# DATA SEGMENT

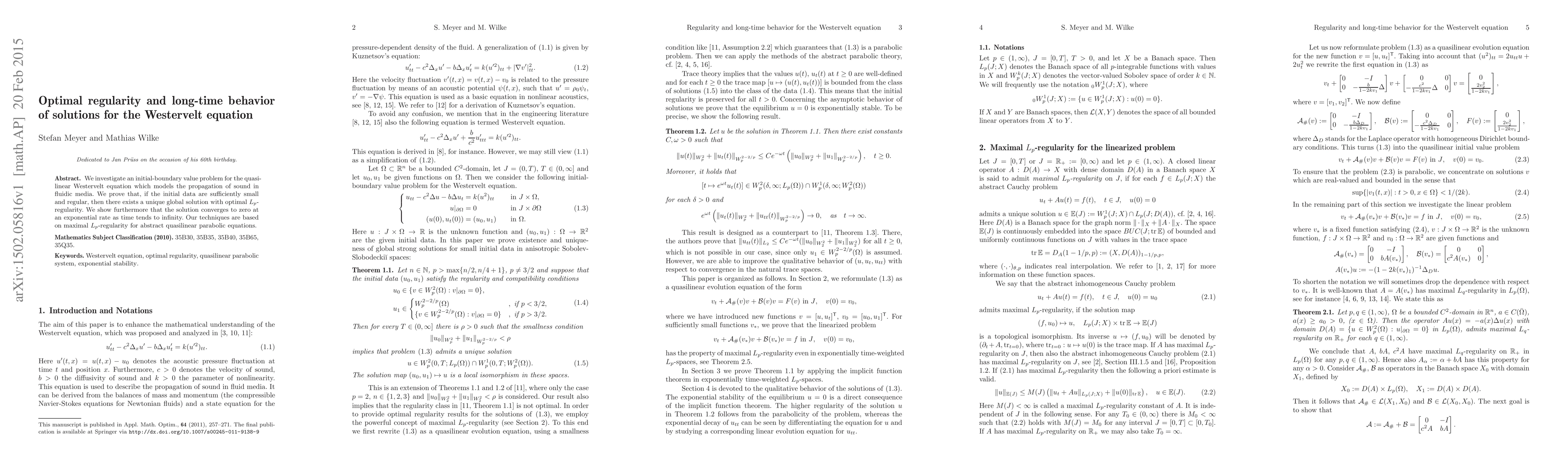 We investigate an initial-boundary value problem for the quasilinear Westervelt equation which models the propagation of sound in fluidic media. We prove that, if the initial data are sufficiently small and regular, then there exists a unique global solution with optimal $L_p$-regularity. We show furthermore that the solution converges to zero at an exponential rate as time tends to infinity. Our techniques are based on maximal $L_p$-regularity for abstract quasilinear parabolic equations.
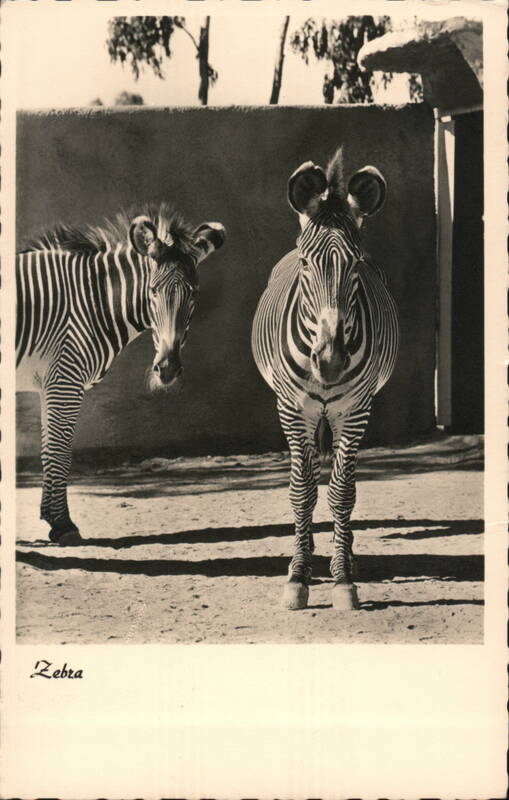 Two zebras stand in an outdoor enclosure with a dirt ground and a high wall in the background. One zebra is in profile, the other faces forward.
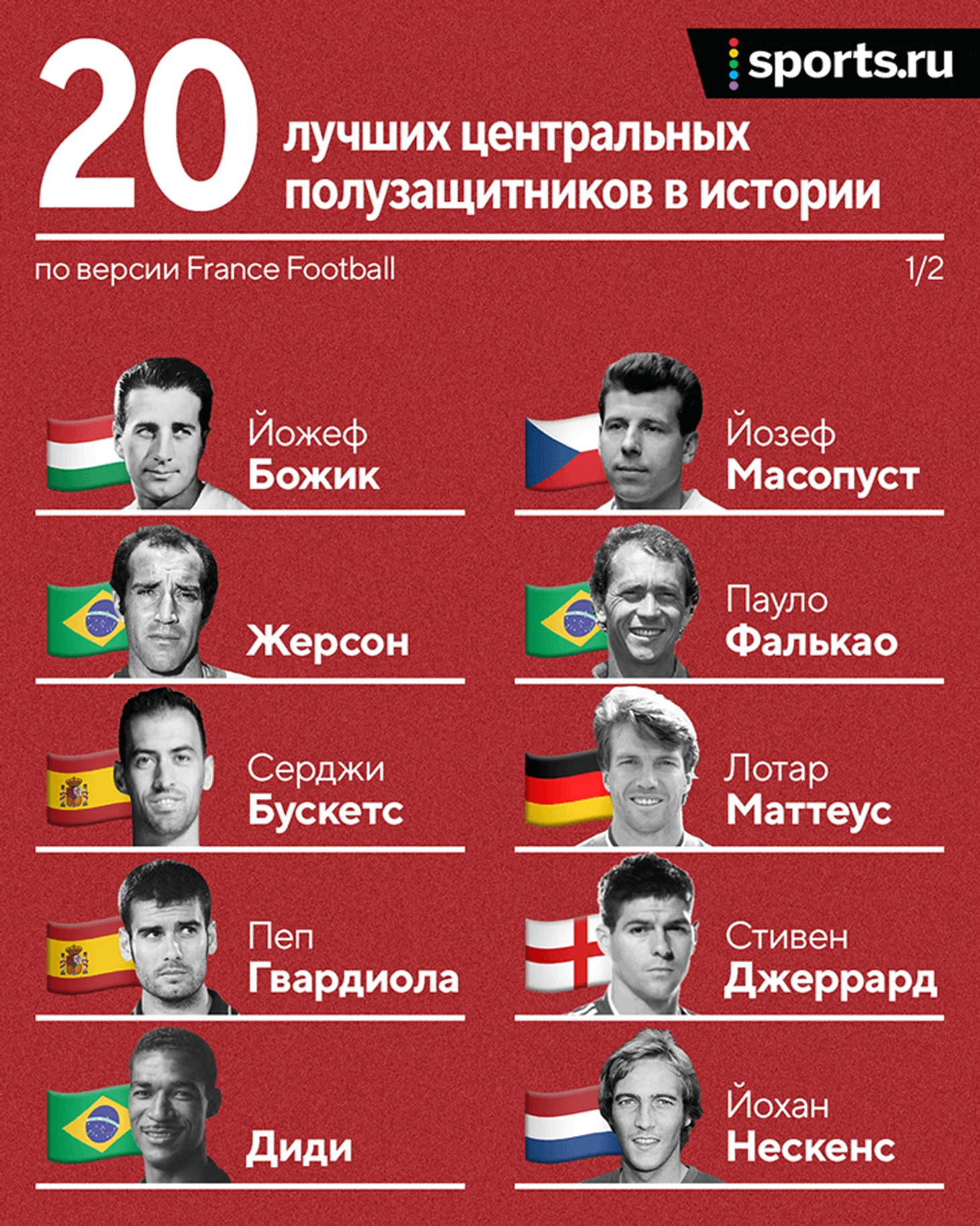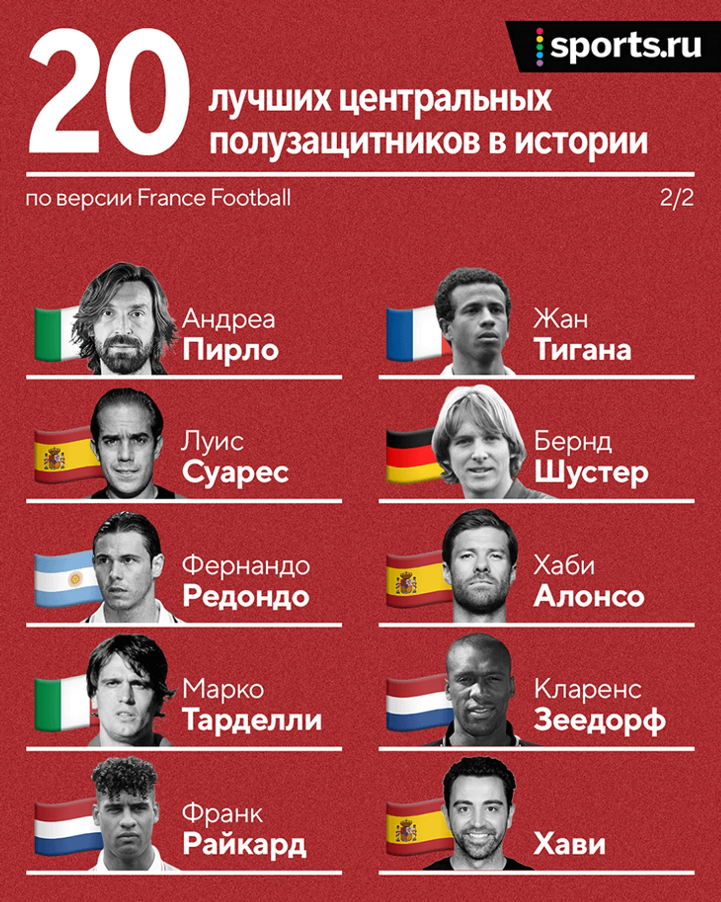 Обратите внимание: это будет более оборонительная двойка, атакующие центральные (например, Иньеста, Зидан и Тотти) будут в следующем голосовании.
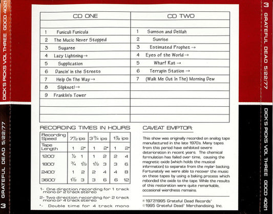 USED 2CD - Grateful Dead – Dick's Picks Volume Three: Pembroke Pines, Florida 5/22/77

# YOUR GOAL
All of the data gets printed again exactly; the pictures do not.

# EXERCISE RESULT
 We investigate an initial-boundary value problem for the quasilinear Westervelt equation which models the propagation of sound in fluidic media. We prove that, if the initial data are sufficiently small and regular, then there exists a unique global solution with optimal $L_p$-regularity. We show furthermore that the solution converges to zero at an exponential rate as time tends to infinity. Our techniques are based on maximal $L_p$-regularity for abstract quasilinear parabolic equations.
 Two zebras stand in an outdoor enclosure with a dirt ground and a high wall in the background. One zebra is in profile, the other faces forward.
 Обратите внимание: это будет более оборонительная двойка, атакующие центральные (например, Иньеста, Зидан и Тотти) будут в следующем голосовании.
 USED 2CD - Grateful Dead – Dick's Picks Volume Three: Pembroke Pines, Florida 5/22/77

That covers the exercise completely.